Here's what I'll cover: using Docker Compose profiles to manage multiple environments from one file, setting up watch mode for instant code syncing during development, configuring GPU passthrough for machine learning workloads, implementing proper health checks and startup ordering so your services stop crashing on cold starts, and using Bake to bridge the gap between your local Compose workflow and production image builds. I'll also tell you where Compose still falls short and where you should reach for something else.
Prerequisites
You should be comfortable with Docker basics and have written a compose.yaml file before. You'll need Docker Compose v2 installed. The minimum version depends on which features you want: service_healthy dependency conditions require v2.20.0+, watch mode requires v2.22.0+, and the gpus: shorthand requires v2.30.0+. Run docker compose version to check what you have.
Table of Contents
The Modern Compose File: What's Changed
If you haven't looked at a Compose file recently, the first thing you'll notice is that the version field is gone. Docker Compose v2 ignores it entirely, and including it actually triggers a deprecation warning. A modern compose.yaml starts cleanly with your services, no preamble needed.
But the structural changes go deeper than that. Here's what a modern, production-aware Compose file looks like for a typical web application stack:
services:
api:
image: ghcr.io/myorg/api:${TAG:-latest}
env_file: [configs/common.env]
environment:
- NODE_ENV=${NODE_ENV:-production}
ports:
- "8080:8080"
depends_on:
db:
condition: service_healthy
deploy:
resources:
limits:
memory: 512M
cpus: "1.0"
healthcheck:
test: ["CMD", "curl", "-f", "http://localhost:8080/health"]
interval: 10s
timeout: 5s
retries: 3
db:
image: postgres:16-alpine
volumes:
- db-data:/var/lib/postgresql/data
healthcheck:
test: ["CMD-SHELL", "pg_isready -U postgres"]
interval: 5s
retries: 5
volumes:
db-data:
Look at what's in there: resource limits, health checks with dependency conditions, proper volume management. These aren't nice-to-haves. They're the features that make Compose viable beyond your laptop.
Health checks in particular solve one of Compose's oldest and most annoying pain points: the race condition where your web server starts before the database is actually ready to accept connections. If you've ever added sleep 10 to a startup script and crossed your fingers, you know what I'm talking about.

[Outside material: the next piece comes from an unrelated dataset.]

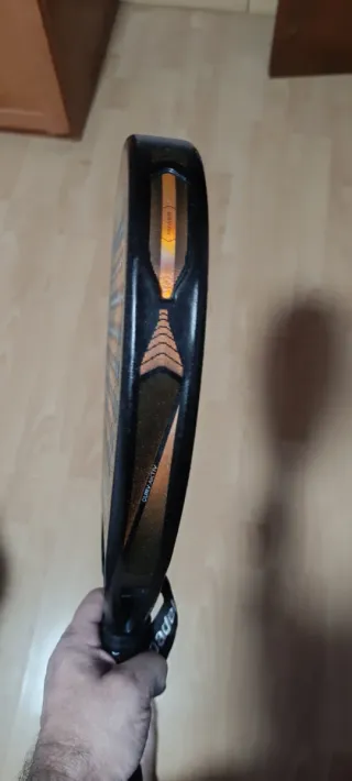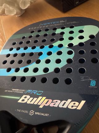 2 meses de uso, no llega a 10 partidos con ella. Añadido ovregrip original bullpadel y protector transparente rugoso en la cabeza de la pala, recortado en las entradas de la pala. No tiene ni un toque ni rasguño. Prácticamente nueva. En PERFECTO ESTADO.

How to Use Profiles to Manage Multiple Environments
This is the feature that changed my relationship with Compose. Before profiles, managing different environments meant choosing between two painful approaches. Either you maintained multiple Compose files (docker-compose.yml, docker-compose.dev.yml, docker-compose.test.yml, docker-compose.prod.yml) and dealt with the inevitable drift between them. Or you used one big bloated file where you commented out services depending on the context. Both approaches were fragile, and both led to those fun "works on my machine" conversations.
Profiles give you a much cleaner path. You assign services to named groups. Services without a profile always start. Services with a profile only start when you explicitly activate that profile. You can also activate profiles with the COMPOSE_PROFILES environment variable instead of the CLI flag, which is handy for CI (see the official profiles docs for the full syntax).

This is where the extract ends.